Doing so should continue to maintain high rates of efficacy, but will hopefully also reduce the adverse event profile, which is not considerable when we compare it to standard chemotherapy regimen.

But certainly, people who have been taking Bruton's tyrosine kinase inhibitors for several months or years, some of them will stop taking those medications. Improving that safety profile is of value while maintaining the efficacy profile.

Zanubrutinib, or the company developing zanubrutinib also wanted to prove that their drug had a high rate of inhibiting the BTK enzyme in lymph nodes themselves as opposed to the usual assays, which are done just in peripheral blood.

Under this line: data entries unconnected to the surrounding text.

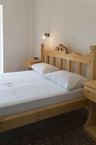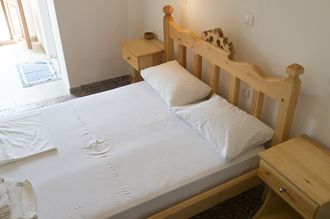 Furnished rooms with bath and fridge in the midst of a large, flourishing orchard, with the bus stop just at the gate. The lovely beach of Livadi is just five minutes away on foot. Guests may relax in the cool shade of the orchard. Fresh goat's milk is served at breakfast along with other traditional treats in a warm family enviroment. We await you.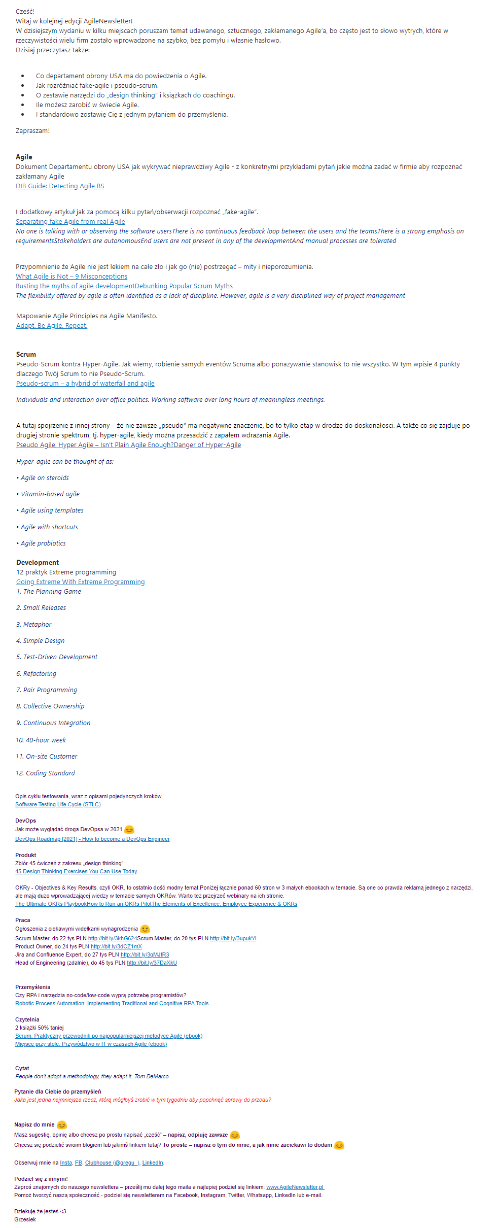 Zgromadziłem dużo materiałów - wyszukałem lub opracowałem sam - i wciąż znajduję i przygotowuję nowe, aktualne. Newsletter to moja prywatna inicjatywa, chcę się dzielić wiedzą i zbudować szeroką społeczność Agile.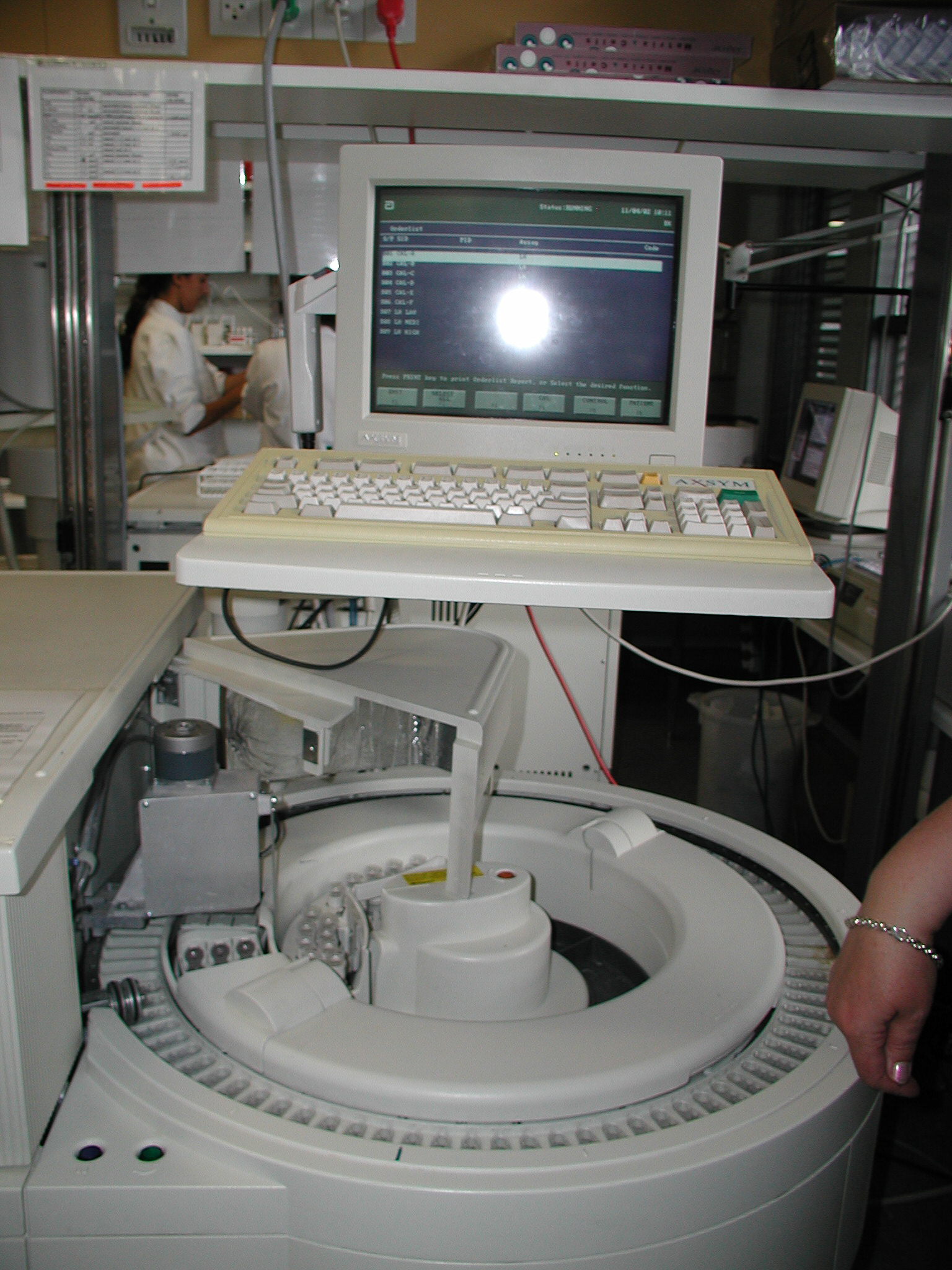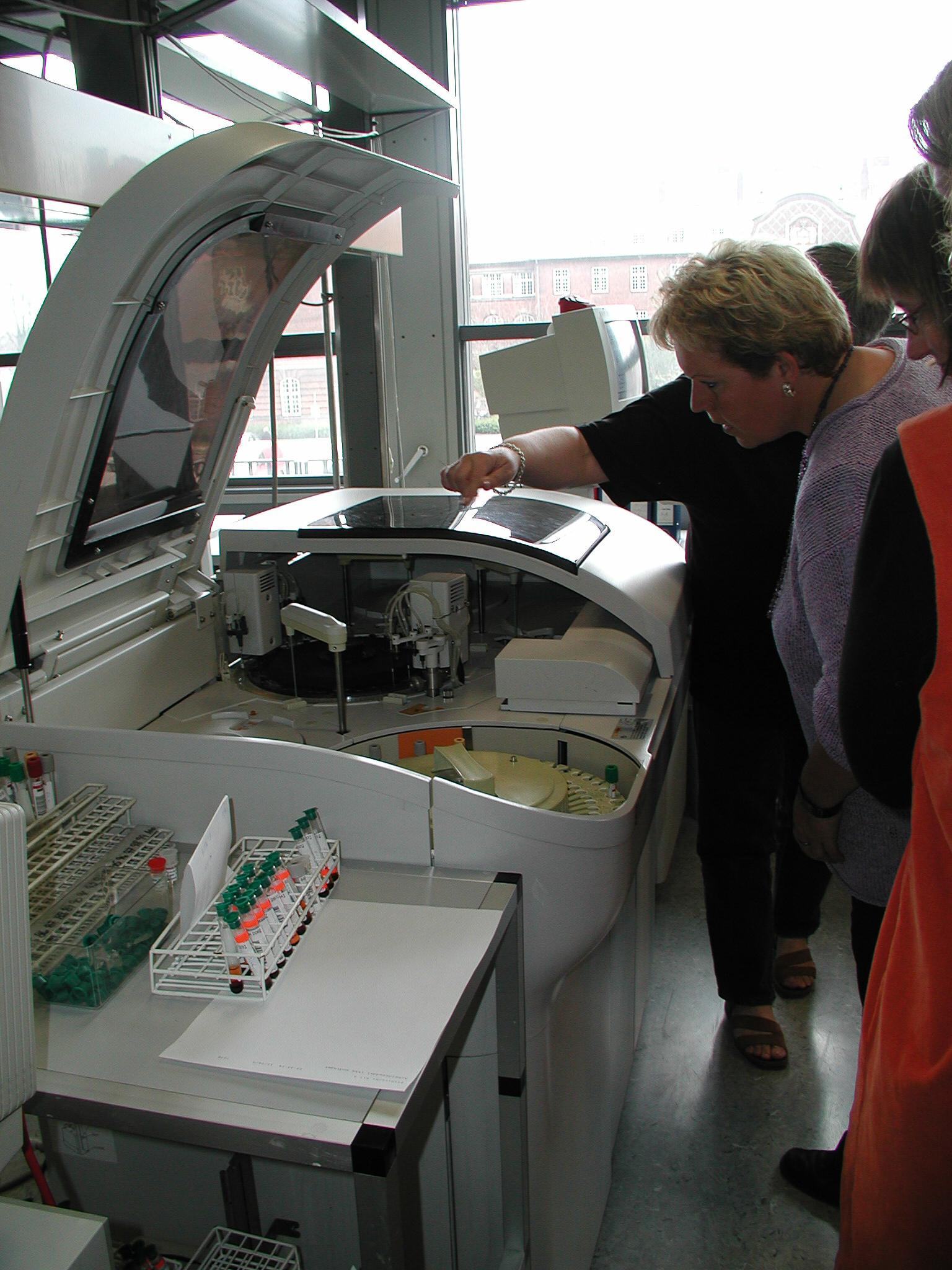Rigshospitalet var et af hospitalerne, og projektdeltagerne besøgte derfor deres laboratorie for at komme tæt på de maskiner, som vi sad og udviklede styresystemer til.

They additionally differentiated themselves there by doing pre‑clinical studies and clinical studies showing that in one of the phase 1 trials, indeed, they had optimized dosing to ensure that BTK was inhibited in lymphoma cells, in lymph nodes, in a durable way.

Zanubrutinib was a promising drug to test in mantle cell lymphoma based both on the pharmacology and the activity of prior BTK inhibitors.

Mantle cell lymphoma is a large enough population that phase 2 clinical trials can be done in a reasonable timeframe, as well as a population for which BTK inhibitors have been approved on the basis of phase 2 clinical trials.

In other words, phase 3 clinical trials have not been necessary for accelerated approval. Programmatically, from the company's perspective, it was also a good opportunity.

Two, large clinical trials were done: one international trial, one largely done in China. Indeed, they both confirmed the activity of zanubrutinib in patients who have mantle cell lymphoma.

Both trials enrolled close to a hundred patients. One trial had a slightly higher overall response rate than we would typically see in mantle cell lymphoma, closer to 80% with accompanied response rate closer to 60%. That was primarily a trial that was done in China.

In another clinical trial that was international, led by Constantine Tam from Australia, the complete response rate was a little bit lower.

When you put all of these things together, you see that overall and complete response rates that are certainly promising, potentially a little bit better than we've seen with ibrutinib or acalabrutinib.

I'm not prepared to say that any one of those drugs is better than any of the others in cross comparison, across clinical trials. That's always a little bit dangerous. But it is clear that BTK is a valid target in mantle cell lymphoma and this drug does that.

In terms of that safety profile, patients in both clinical trials had generally tolerated the medication pretty well. The adverse event profile was consistent with what we've seen with other Bruton's tyrosine kinase inhibitors.

Specifically, there's some neutropenia, some thrombocytopenia. Both of those are relatively mild. There were some patients who developed infections. That can be the result of certainly BTK inhibition, potentially. But also, mantle cell lymphoma and prior therapy for mantle cell lymphoma I'm sure play a role there.

In almost all BTK inhibitor trials, we see some diarrhea, some rash, some bruising. Again, those were present in the zanubrutinib trial.

So far, we don't see major bleeding or atrial fibrillation in a significant way. That may be because there's less of those with this drug.

It may also be because too few patients have been treated and follow‑up has not been sufficiently long enough, so that patients who have been exposed to it for a long enough period of time develop those adverse events in a clinically meaningful way.

The same thing goes for discontinuation for adverse events. In that, I think we tend to see more of those in patients who are on the drugs for long periods of time, like in CLL and Waldenström's macroglobulinemia. It may be a little bit early to comment on that from this clinical trial.

In summary, I think it's great that we have another BTK inhibitor for patients who have mantle cell lymphoma. All of these drugs have some differences in pharmacology. All of these drugs are clearly active. All of these drugs are pretty well‑tolerated. The more options we have available for people with mantle cell lymphoma, the better.